Bed bugs are more common than most people think and can be a tremendous problem, posing risks to your health, furniture and home. Some speculate the ban on heavy pesticides like DDT crossed with an increase in international travel are to blame, but bed bugs have seemingly always been a problem, even if not a prominent one. Because these pests are extremely intrusive, as a landlord it is best to treat any bed bug issues immediately before the problem spreads across your residences.
Local and State Laws
Housing laws tend to vary from state to state, so it is always best to consult a local attorney about your rights as both a landlord and a tenant on issues pertaining to responsibility. In certain states, such as New York, it is mandatory for landlords to treat bed bugs immediately, typically in all neighbouring apartments as well, as the risk for spreading is great. In some states, the landlord might be able to charge the tenants for the expenses, if he or she can prove within a reasonable doubt that the tenants are responsible for the infestation. Typically, a landlord is not responsible for replacing items lost to infestation, unless they were negligent in treating it.

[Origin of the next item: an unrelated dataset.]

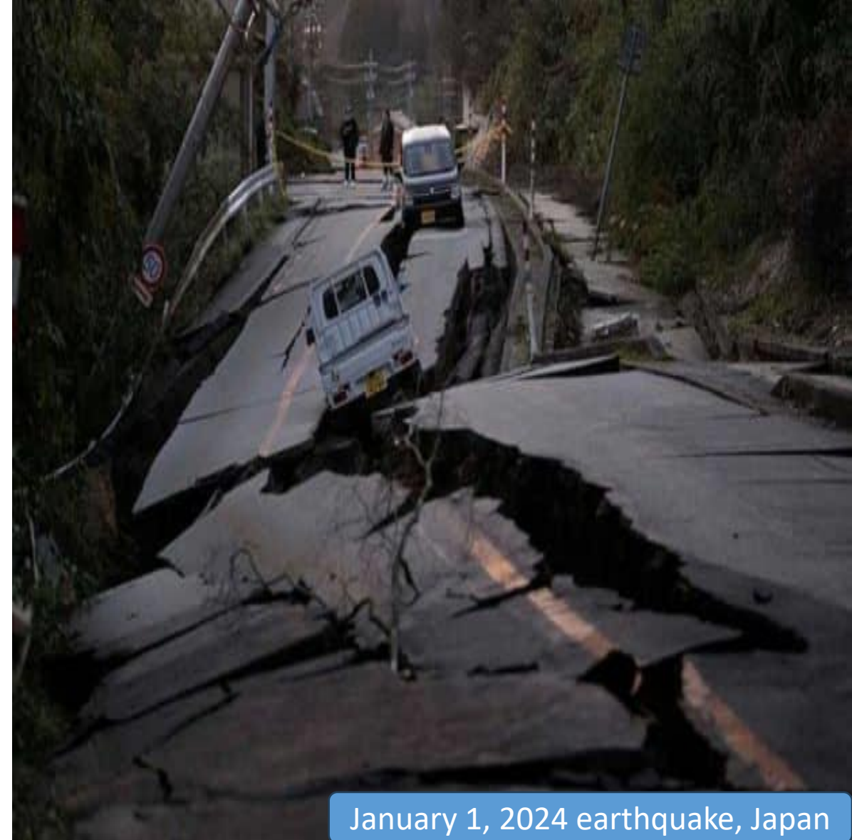
January 1, 2024 earthquake, Japan

Landlords are typically responsible for paying all costs for bug infestations, even bed bugs, provided tenants were not purposefully and knowingly responsible for bringing them in to the dwelling. Lease agreements often contain a clause about pest control issues, including the responsibilities of the tenant to comply with procedural treatments, moving or treating furniture or even vacating if necessary. As a landlord, you have a responsibility to treat the problem immediately or risk it spreading, which could result in legal action from your tenants.
As you are often legally responsible to treat adjoining apartments, you will need the cooperation of your other tenants. Again, this is an issue that should be included in your lease agreement, but if it is not, you still have to treat the bed bugs. If a tenant refuses to allow you entry or refuses to comply with procedural requirements, which often including moving or discarding infected property, you can issue a "3-Day Notice to Cure Covenant or Quit." This notice basically states that the tenants are in violation of their lease if they do not follow procedure and allow exterminators to do their job. If you do not have an infestation clause in your lease, you should consult a local attorney first, as you may still have the right to take action against the tenant for non-compliance.
Property of your tenants is a tricky issue and usually is not included in the lease agreement. If possible, you should attempt to find an exterminator that is able to treat furniture, as otherwise it may be your responsibility as a landlord to reimburse or replace items such as beds, bed frames and couches. Contact a local attorney when in doubt.